TASK DIRECTIONS: I would like you to return all of the records exactly as they stand.

(Recorded data)
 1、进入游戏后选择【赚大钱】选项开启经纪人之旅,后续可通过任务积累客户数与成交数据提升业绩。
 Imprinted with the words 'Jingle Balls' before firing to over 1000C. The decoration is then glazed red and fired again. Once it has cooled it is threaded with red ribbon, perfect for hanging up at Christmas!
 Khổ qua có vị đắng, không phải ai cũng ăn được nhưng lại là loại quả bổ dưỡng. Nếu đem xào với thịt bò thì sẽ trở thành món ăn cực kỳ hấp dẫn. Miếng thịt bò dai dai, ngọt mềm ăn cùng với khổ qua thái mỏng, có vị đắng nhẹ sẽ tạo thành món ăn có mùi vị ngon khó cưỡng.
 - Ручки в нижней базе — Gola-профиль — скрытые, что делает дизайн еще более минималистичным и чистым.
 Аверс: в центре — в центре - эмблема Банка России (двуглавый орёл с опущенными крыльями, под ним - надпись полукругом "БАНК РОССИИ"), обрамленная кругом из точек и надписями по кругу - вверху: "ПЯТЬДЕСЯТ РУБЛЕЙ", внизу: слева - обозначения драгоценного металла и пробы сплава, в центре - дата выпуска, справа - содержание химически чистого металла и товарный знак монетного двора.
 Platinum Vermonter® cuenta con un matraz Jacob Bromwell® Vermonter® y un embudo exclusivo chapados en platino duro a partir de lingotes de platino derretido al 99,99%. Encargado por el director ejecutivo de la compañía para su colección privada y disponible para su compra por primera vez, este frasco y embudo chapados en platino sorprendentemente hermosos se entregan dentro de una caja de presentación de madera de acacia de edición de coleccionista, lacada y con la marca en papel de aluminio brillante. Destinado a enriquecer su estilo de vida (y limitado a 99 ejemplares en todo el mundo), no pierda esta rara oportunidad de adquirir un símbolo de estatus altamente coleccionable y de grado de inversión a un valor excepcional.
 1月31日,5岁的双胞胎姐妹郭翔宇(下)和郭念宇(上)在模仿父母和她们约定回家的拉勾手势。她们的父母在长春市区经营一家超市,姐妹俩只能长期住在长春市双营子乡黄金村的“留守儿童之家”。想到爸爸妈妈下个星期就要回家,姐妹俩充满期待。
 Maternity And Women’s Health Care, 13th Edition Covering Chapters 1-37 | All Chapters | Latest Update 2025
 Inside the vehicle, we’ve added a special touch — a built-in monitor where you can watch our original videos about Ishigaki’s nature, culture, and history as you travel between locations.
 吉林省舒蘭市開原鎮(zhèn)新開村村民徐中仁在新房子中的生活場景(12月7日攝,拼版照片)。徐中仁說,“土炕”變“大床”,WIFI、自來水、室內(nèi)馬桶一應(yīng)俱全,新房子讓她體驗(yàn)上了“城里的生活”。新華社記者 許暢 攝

TASK ANSWER:
 1、进入游戏后选择【赚大钱】选项开启经纪人之旅,后续可通过任务积累客户数与成交数据提升业绩。
 Imprinted with the words 'Jingle Balls' before firing to over 1000C. The decoration is then glazed red and fired again. Once it has cooled it is threaded with red ribbon, perfect for hanging up at Christmas!
 Khổ qua có vị đắng, không phải ai cũng ăn được nhưng lại là loại quả bổ dưỡng. Nếu đem xào với thịt bò thì sẽ trở thành món ăn cực kỳ hấp dẫn. Miếng thịt bò dai dai, ngọt mềm ăn cùng với khổ qua thái mỏng, có vị đắng nhẹ sẽ tạo thành món ăn có mùi vị ngon khó cưỡng.
 - Ручки в нижней базе — Gola-профиль — скрытые, что делает дизайн еще более минималистичным и чистым.
 Аверс: в центре — в центре - эмблема Банка России (двуглавый орёл с опущенными крыльями, под ним - надпись полукругом "БАНК РОССИИ"), обрамленная кругом из точек и надписями по кругу - вверху: "ПЯТЬДЕСЯТ РУБЛЕЙ", внизу: слева - обозначения драгоценного металла и пробы сплава, в центре - дата выпуска, справа - содержание химически чистого металла и товарный знак монетного двора.
 Platinum Vermonter® cuenta con un matraz Jacob Bromwell® Vermonter® y un embudo exclusivo chapados en platino duro a partir de lingotes de platino derretido al 99,99%. Encargado por el director ejecutivo de la compañía para su colección privada y disponible para su compra por primera vez, este frasco y embudo chapados en platino sorprendentemente hermosos se entregan dentro de una caja de presentación de madera de acacia de edición de coleccionista, lacada y con la marca en papel de aluminio brillante. Destinado a enriquecer su estilo de vida (y limitado a 99 ejemplares en todo el mundo), no pierda esta rara oportunidad de adquirir un símbolo de estatus altamente coleccionable y de grado de inversión a un valor excepcional.
 1月31日,5岁的双胞胎姐妹郭翔宇(下)和郭念宇(上)在模仿父母和她们约定回家的拉勾手势。她们的父母在长春市区经营一家超市,姐妹俩只能长期住在长春市双营子乡黄金村的“留守儿童之家”。想到爸爸妈妈下个星期就要回家,姐妹俩充满期待。
 Maternity And Women’s Health Care, 13th Edition Covering Chapters 1-37 | All Chapters | Latest Update 2025
 Inside the vehicle, we’ve added a special touch — a built-in monitor where you can watch our original videos about Ishigaki’s nature, culture, and history as you travel between locations.
 吉林省舒蘭市開原鎮(zhèn)新開村村民徐中仁在新房子中的生活場景(12月7日攝,拼版照片)。徐中仁說,“土炕”變“大床”,WIFI、自來水、室內(nèi)馬桶一應(yīng)俱全,新房子讓她體驗(yàn)上了“城里的生活”。新華社記者 許暢 攝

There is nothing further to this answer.